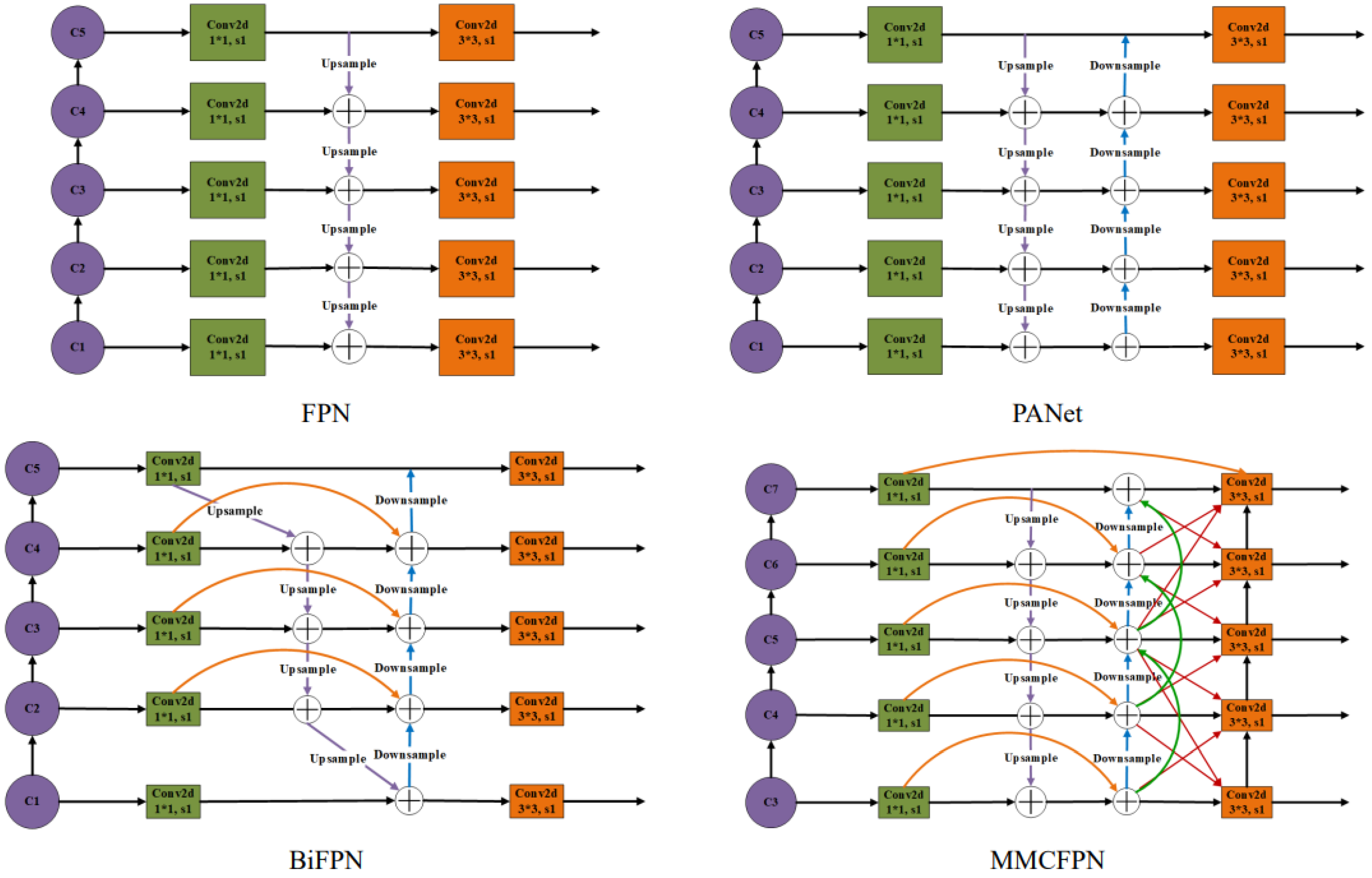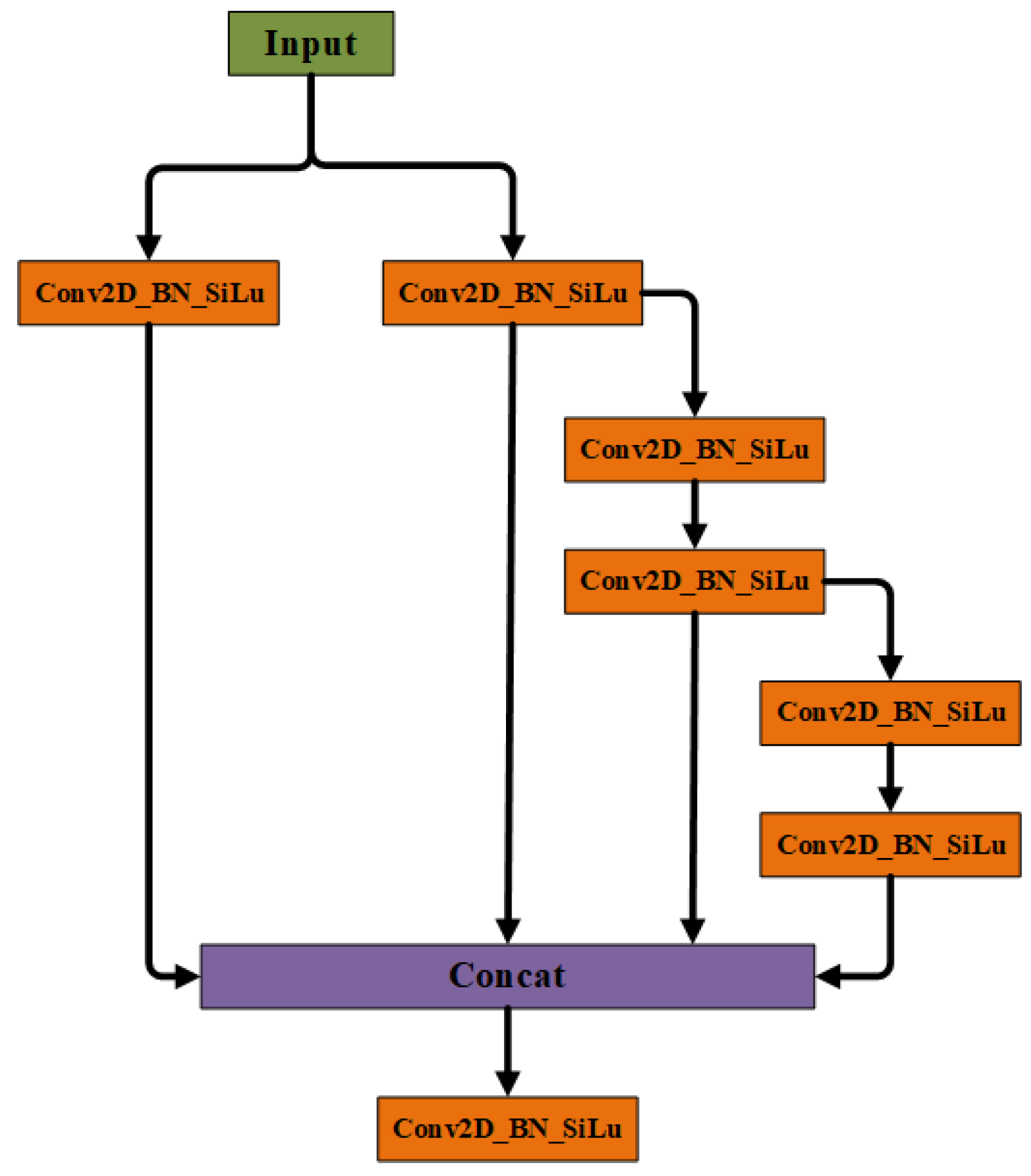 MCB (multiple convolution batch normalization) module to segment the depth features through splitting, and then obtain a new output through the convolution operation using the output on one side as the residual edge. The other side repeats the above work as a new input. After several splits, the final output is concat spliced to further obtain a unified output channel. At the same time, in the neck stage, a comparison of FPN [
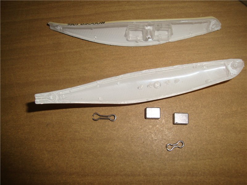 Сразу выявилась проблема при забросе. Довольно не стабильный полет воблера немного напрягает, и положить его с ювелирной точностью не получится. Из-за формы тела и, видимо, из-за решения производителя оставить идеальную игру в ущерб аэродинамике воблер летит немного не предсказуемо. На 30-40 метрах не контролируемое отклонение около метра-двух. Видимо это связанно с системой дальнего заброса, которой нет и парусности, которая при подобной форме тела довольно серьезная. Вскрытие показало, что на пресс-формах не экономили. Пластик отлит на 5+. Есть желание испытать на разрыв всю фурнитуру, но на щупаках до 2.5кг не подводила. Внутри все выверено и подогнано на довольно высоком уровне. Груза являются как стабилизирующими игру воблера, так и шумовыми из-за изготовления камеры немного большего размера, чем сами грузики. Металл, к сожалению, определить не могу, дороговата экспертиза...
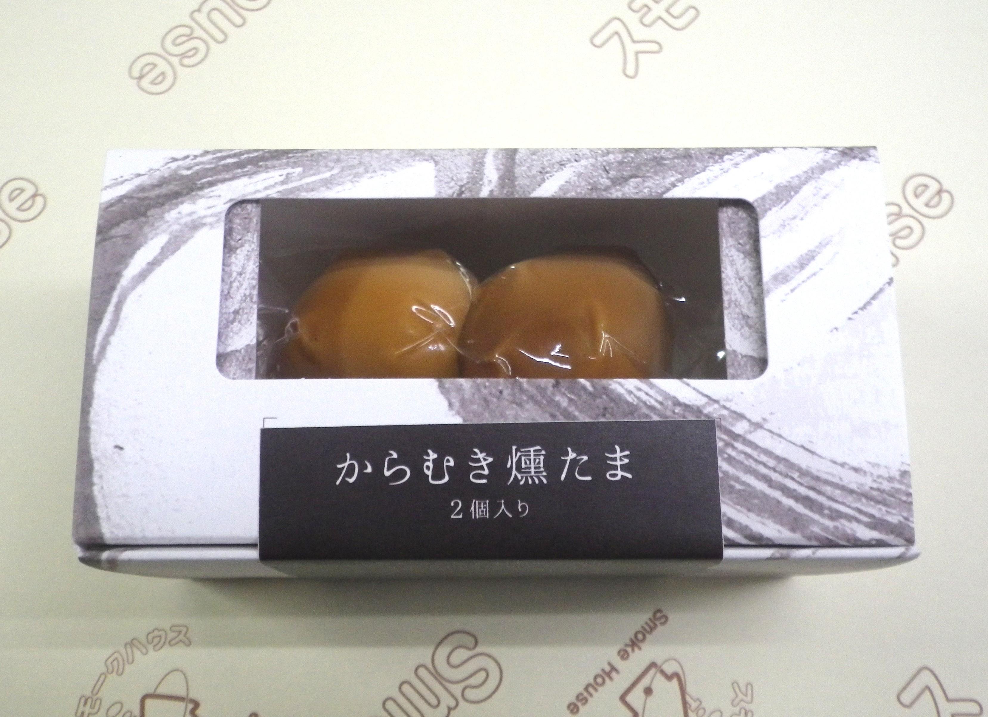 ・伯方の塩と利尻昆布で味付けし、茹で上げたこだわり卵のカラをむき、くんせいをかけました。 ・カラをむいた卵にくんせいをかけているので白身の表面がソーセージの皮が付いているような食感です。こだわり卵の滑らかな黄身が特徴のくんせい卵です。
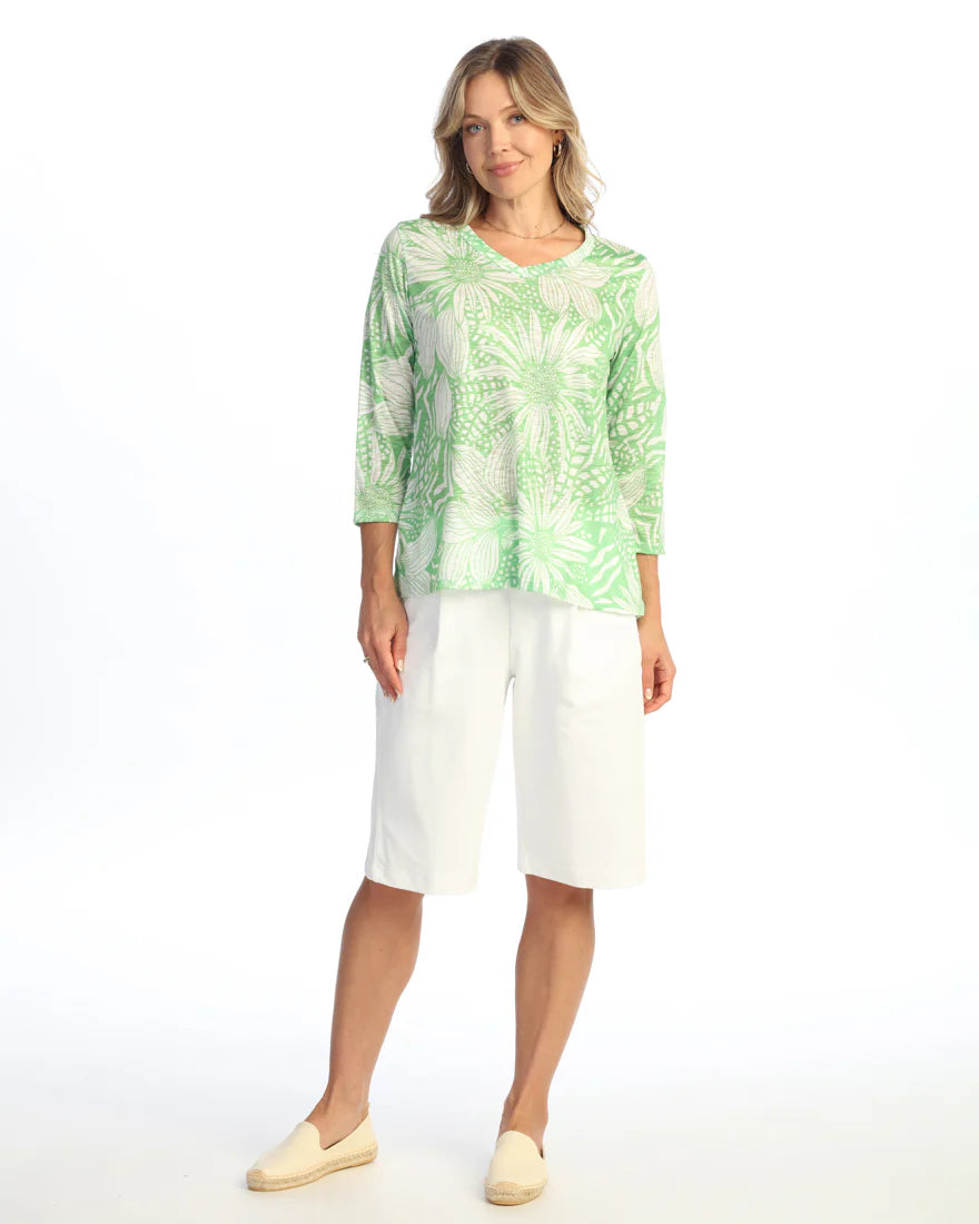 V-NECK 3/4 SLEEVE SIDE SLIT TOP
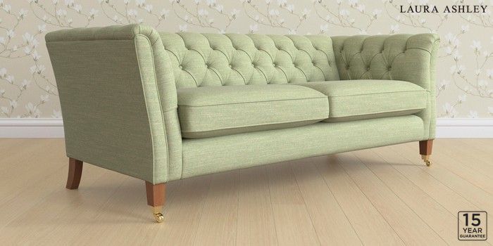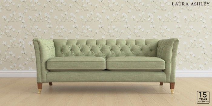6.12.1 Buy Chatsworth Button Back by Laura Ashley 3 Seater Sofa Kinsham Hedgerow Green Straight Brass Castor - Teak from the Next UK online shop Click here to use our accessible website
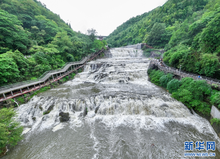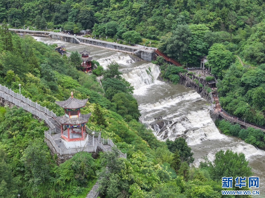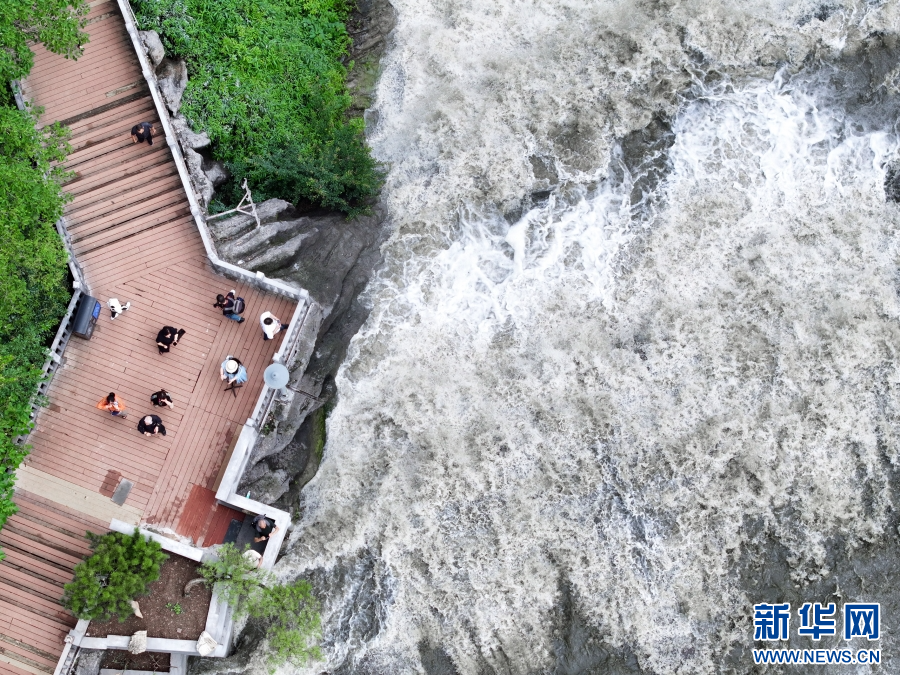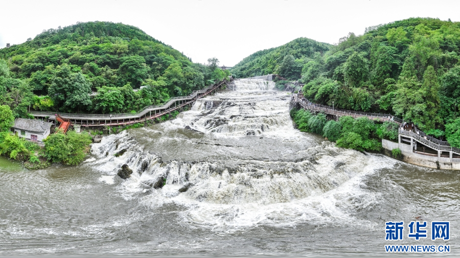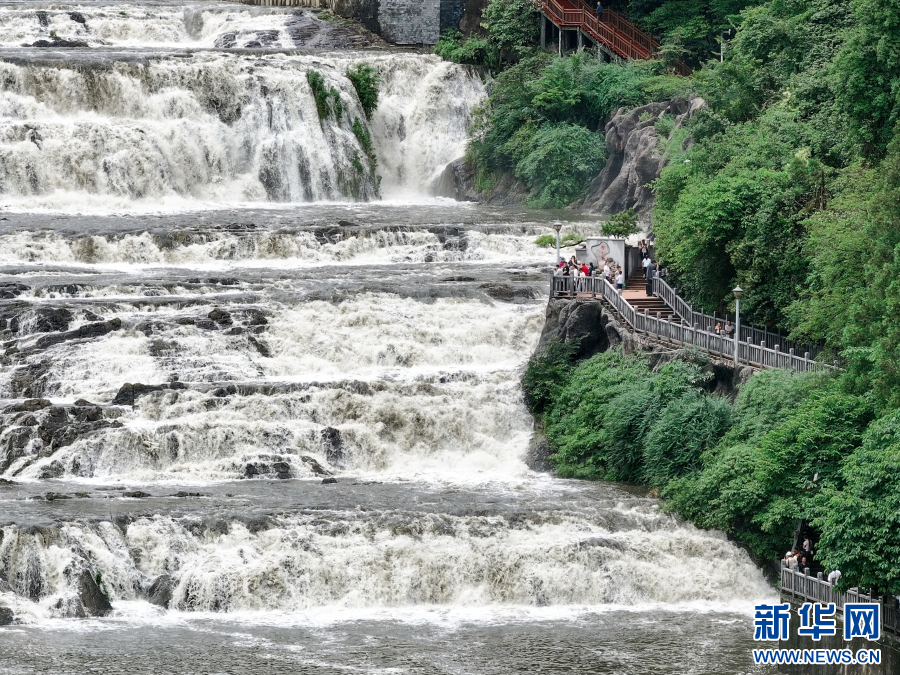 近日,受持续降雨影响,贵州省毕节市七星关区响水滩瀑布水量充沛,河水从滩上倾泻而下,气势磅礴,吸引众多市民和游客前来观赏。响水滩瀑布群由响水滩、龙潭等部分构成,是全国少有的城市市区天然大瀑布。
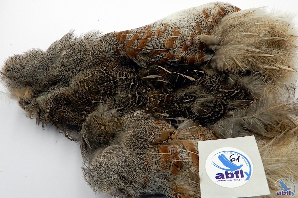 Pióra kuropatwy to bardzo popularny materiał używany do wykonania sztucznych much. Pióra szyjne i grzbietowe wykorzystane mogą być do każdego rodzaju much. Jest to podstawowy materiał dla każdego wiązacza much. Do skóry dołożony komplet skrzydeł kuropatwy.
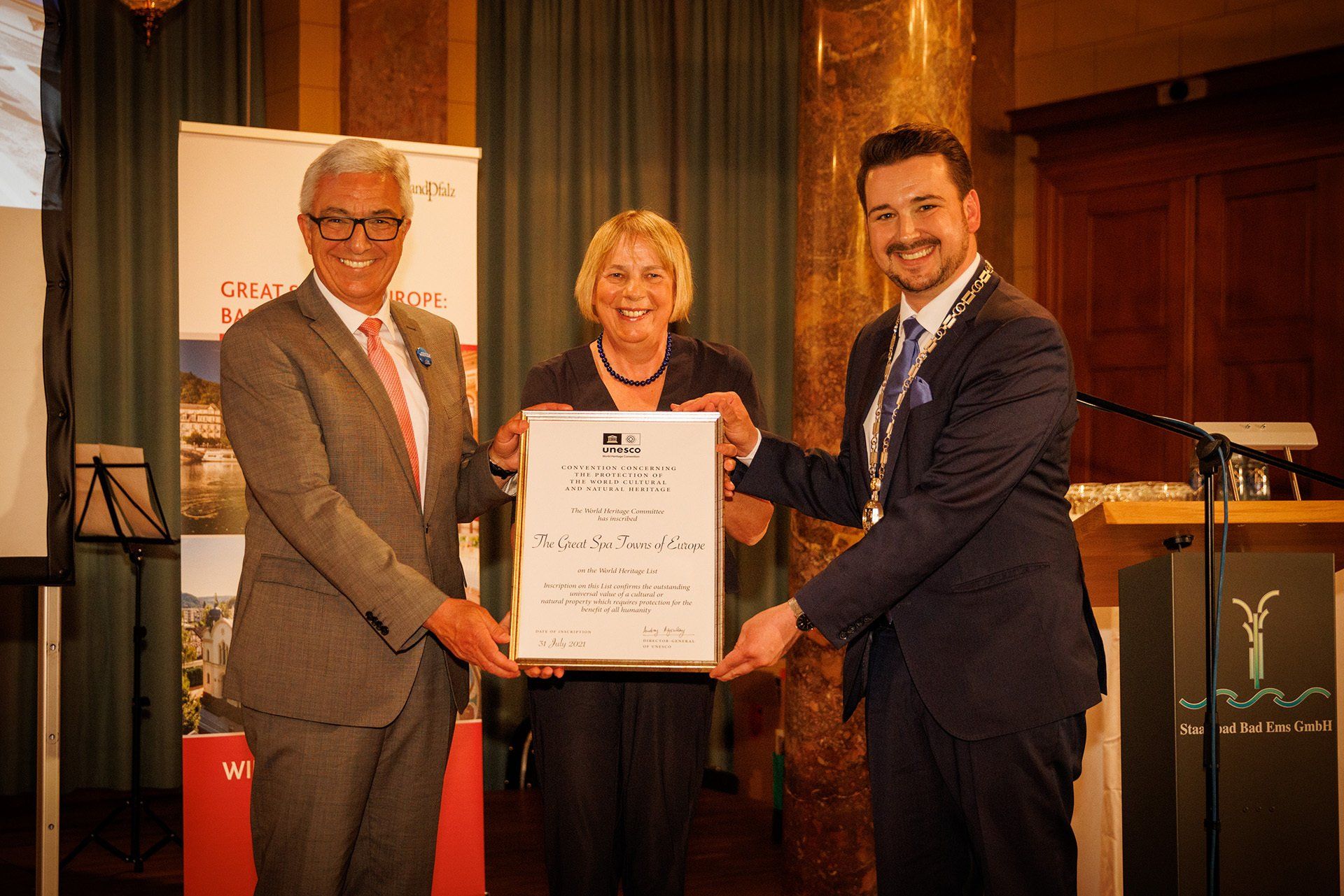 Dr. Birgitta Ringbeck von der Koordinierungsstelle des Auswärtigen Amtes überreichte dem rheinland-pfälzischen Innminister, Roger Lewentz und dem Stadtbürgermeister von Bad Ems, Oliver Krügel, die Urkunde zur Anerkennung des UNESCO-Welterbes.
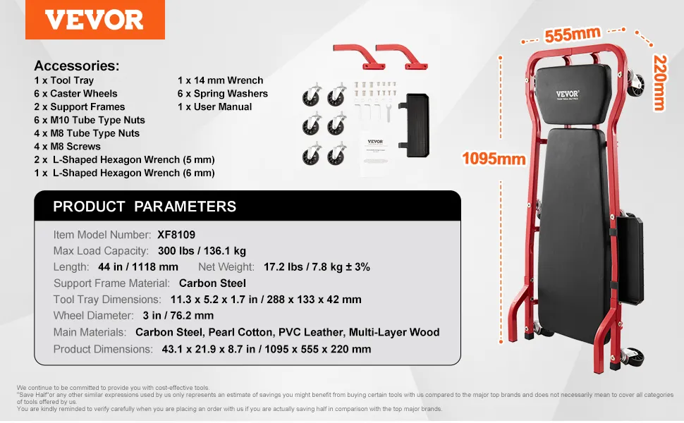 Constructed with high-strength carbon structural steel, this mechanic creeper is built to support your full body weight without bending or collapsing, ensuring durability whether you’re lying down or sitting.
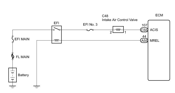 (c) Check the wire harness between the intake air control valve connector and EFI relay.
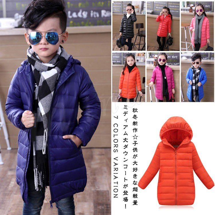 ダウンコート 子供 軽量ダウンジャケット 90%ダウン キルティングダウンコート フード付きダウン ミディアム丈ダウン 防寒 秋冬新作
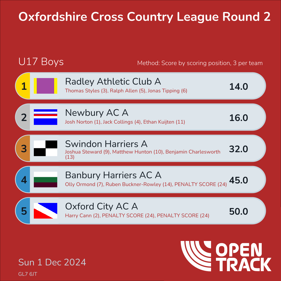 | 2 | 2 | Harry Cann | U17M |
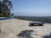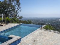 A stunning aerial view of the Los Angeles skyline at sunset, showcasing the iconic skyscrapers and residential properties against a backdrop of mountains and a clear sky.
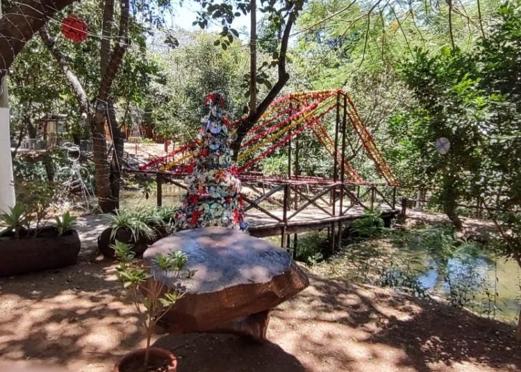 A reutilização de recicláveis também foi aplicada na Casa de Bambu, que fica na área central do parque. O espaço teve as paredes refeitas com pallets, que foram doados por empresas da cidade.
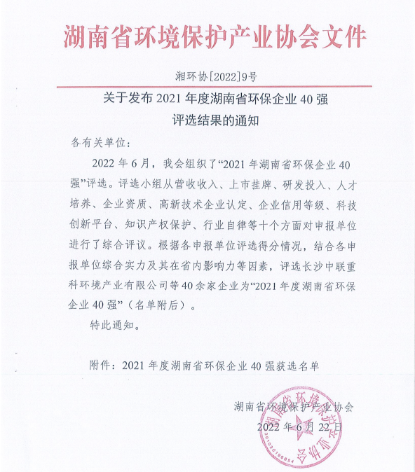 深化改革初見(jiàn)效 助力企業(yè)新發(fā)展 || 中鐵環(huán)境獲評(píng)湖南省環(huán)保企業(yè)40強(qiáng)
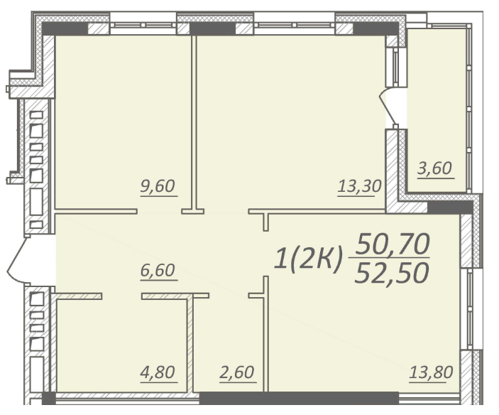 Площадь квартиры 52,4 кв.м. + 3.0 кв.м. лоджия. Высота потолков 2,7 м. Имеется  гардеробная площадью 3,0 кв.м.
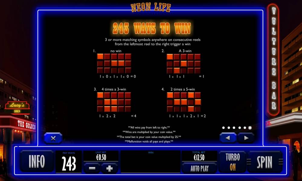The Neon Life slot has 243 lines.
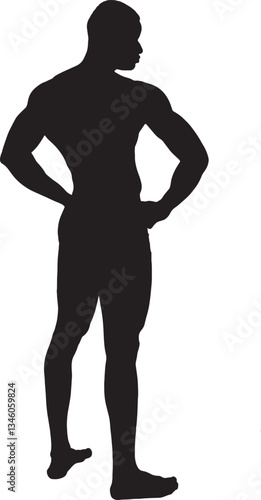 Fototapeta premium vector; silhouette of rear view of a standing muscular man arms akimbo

================

## Exercise aim
Keep out the pictures, and copy exactly the lines from the one that contains "A stunning aerial" through the final line of the records above, both ends included.

## Task solution
 A stunning aerial view of the Los Angeles skyline at sunset, showcasing the iconic skyscrapers and residential properties against a backdrop of mountains and a clear sky.
 A reutilização de recicláveis também foi aplicada na Casa de Bambu, que fica na área central do parque. O espaço teve as paredes refeitas com pallets, que foram doados por empresas da cidade.
 深化改革初見(jiàn)效 助力企業(yè)新發(fā)展 || 中鐵環(huán)境獲評(píng)湖南省環(huán)保企業(yè)40強(qiáng)
 Площадь квартиры 52,4 кв.м. + 3.0 кв.м. лоджия. Высота потолков 2,7 м. Имеется  гардеробная площадью 3,0 кв.м.
The Neon Life slot has 243 lines.
 Fototapeta premium vector; silhouette of rear view of a standing muscular man arms akimbo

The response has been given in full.